The distributers _blurb_ is shown below and it sounds OK to me but being a complete novice with scrollsaws I do not know how much faith to put in it
javascript:emoticon(':?')



> Weighing 22.5kg this heavy duty machine is packed with features, making it ideal for the professional cabinet maker and the discerning home user. The high torque 120W motor has electronic speed control that is variable between 550 and 1600 strokes per minute offers minimal vibration levels to the user. The combination of the 45 degree tilting cast iron table and a throat depth of 18" offer excellent performance when cutting a wide range of materials up to 50mm in thickness. This scrollsaw features a directional air blower which removes dust and waste from the cutting line to give improved vision. Also the dust extractor port gives the user the option to attach a dust extractor to improve waste removal. The addition of the high-tech LED flexi-light also helps to improve visibility of the workpiece. The flexi-drive shaft runs at a speed of between 1500 and 5100rpm and fits directly into a drive socket in the electrical control unit, as well as featuring a handy storage tray for rapid access to tooling items. Included is an extensive range of accessories for drilling, sanding and polishing.



Bob








 [/img]


----------



## Gill (8 Mar 2007)

Welcome to the forum, Bob  .

It's not a saw I'm familiar with. The specifications look good but scroll saws can be funny beasts - specifications aren't necessarily a good guide to performance. You're quite right to ask if anyone has experience of a saw before you buy one because personal recommendation by a user is undoubtedly the best guide to quality.
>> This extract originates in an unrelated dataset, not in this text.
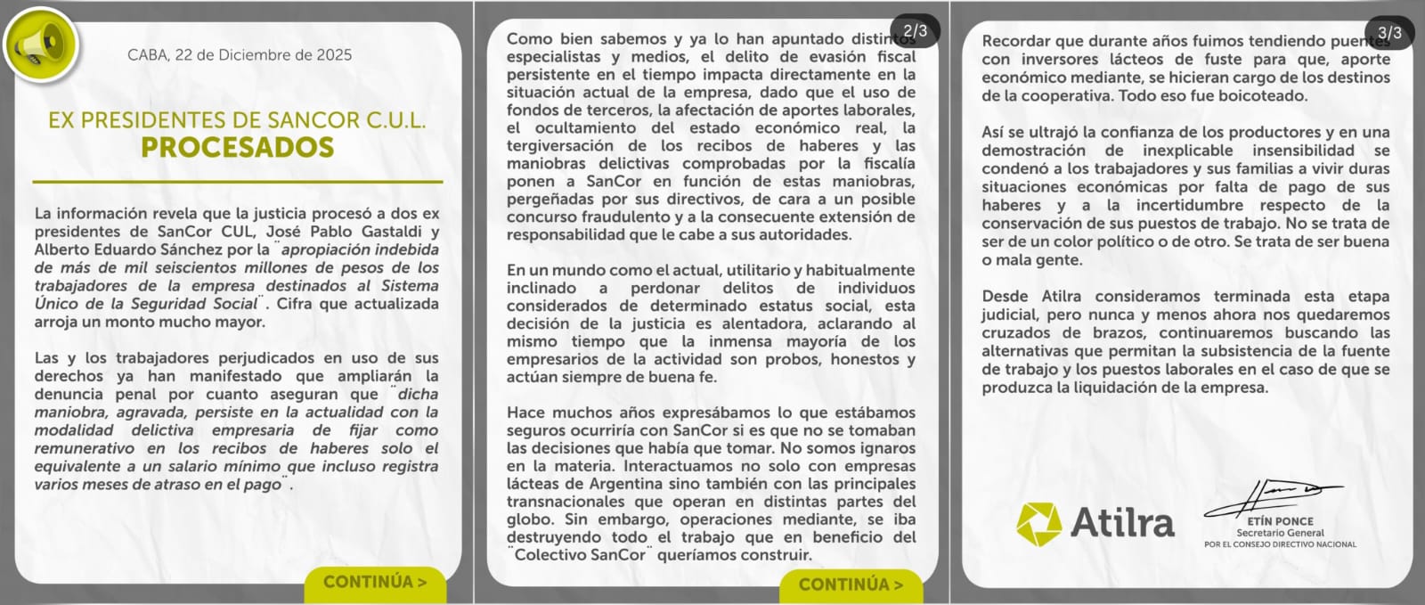 La resolución judicial generó una fuerte reacción del gremio lechero. Desde la Asociación de Trabajadores de la Industria Lechera de la RepĆŗblica Argentina (ATILRA) anunciaron que ampliarĆ”n la denuncia penal y advirtieron que las maniobras investigadas no sólo se habrĆan producido en el pasado, sino que continuarĆan en la actualidad bajo nuevas modalidades.

It's not clear from pictures of the saw as to how you change blades. Even the interactive picture on the Hobbies website isn't clear. I suspect it uses some sort of lever locking system, so blade changes should be quick. Weight-wise, it's on a par with comparable Hegners so it should be heavy enough to absorb vibration. I'm a bit concerned that the machine has a flexi-drive attachment because I've heard of these sometimes causing problems. They also seem a like a bit of a gimmick and tend to be associated with under-powered saws. However, the motor is rated at 120w (which should be powerful enough) and Diamond also have flexi-drives on their saws, so it's by no means conclusive of a weakness.

If someone else here has experience of a Fox, I'm sure they'll be only too happy to offer advice. However, I don't know of anyone.

Gill


----------



## Canadian Scroller (12 Mar 2007)

I agree with Gill, it is hard to make a decision based on a write up and a single picture.

Most of the features discribed are great features and it sounds like someone put a lot of thought into the design.
My concerns would be blade changing. There is no mention of pinned and pin less blades, no mention of tool less blade changes.

One of the things I would check is how easy or difficult it is to put the blade into the lower clamp. Some saws can be quite a pain in the lower area if you know what I mean.


----------



## sarc (13 Mar 2007)

Thank you for the advice to date.

The blades are plain or pin but no mention of tools needed to change them.


----------